Training for Iron Bike Oradea 2011

trip report

“Must have been tough on that bike, wouldn’t it have been better had I given you a scythe to help me?” The man was sharpening his scythe in a field on the outskirts of the Magura village, near the cart road that goes up from Moeciu de Jos. The afternoon was hot, the man was surrounded by long lanes of freshly cut luscious grass, while I was already leaving behind 90 km of bike trails and a 3.000 m elevation. The time was right for some wise banter. And so I answered him “it might have been, but I don’t know much about cutting the hay, now do I”. “All for the better then”, the man merrily replied and we both went our separate ways. Mine was about to end, after the climb to Magura, all there was left was the descent to Zarnesti and the day would come to an end.

And a long day it had been, started at 6AM in Brasov, with the hope that the tour would end early in the afternoon, so as to avoid the rain.
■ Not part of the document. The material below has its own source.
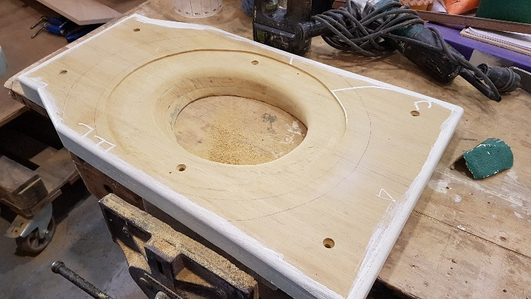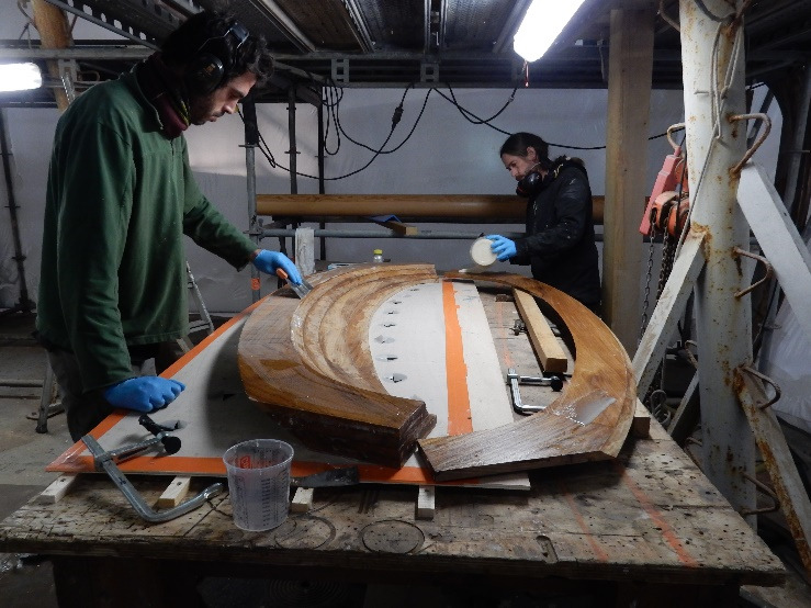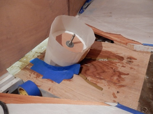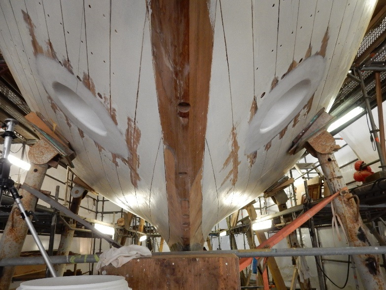 Moulding the inside of the lower part of the rudder tube/trunk prior to tube installation

We finished late, but the rain didn’t come either. We knew the route, since last year, when I went with Mihai and Paul from Brasov to Rasnov in 100 km, as practice for the Iron Bike Oradea 2010. Our motivation was pretty much the same this year as well, since Mihai was looking forward to another round of suffering in 2011. So, I took advantage of the situation and decided to take the group on some detours (besides the man with the iron bike, we were also joined by Christi, Mihai from Medias and Andrei). And my detours proved to be all of them quite interesting. Through dewy high grass, and across wide clearings dotted with old oak, down on steep and fun single trails, fit for any “king of the mountain” competitions. The entire tour is in fact very intense, only here and there interrupted by easier parts.

Our plan once in Zarnesti was to take the train back to Brasov. It turned out that the train left 5 minutes before we arrived and we had to wait for more then an hour for the next! But what’s 26 km more, when you’ve already done over 100? On asphalt, slightly descending, wind pushing us from the back (now that’s a miracle). And so Christi took the train and kept us at a steady 35km/h. He even impressed a train mechanic, who honked the horn as the train passed us pay. The next day, while Christi and Mihai were so hipped up that they took the bikes to Poiana Brasov, we were left to lick our wounds, while Mihai was wisely pondering the IBO of next weekend. Happy trails to him!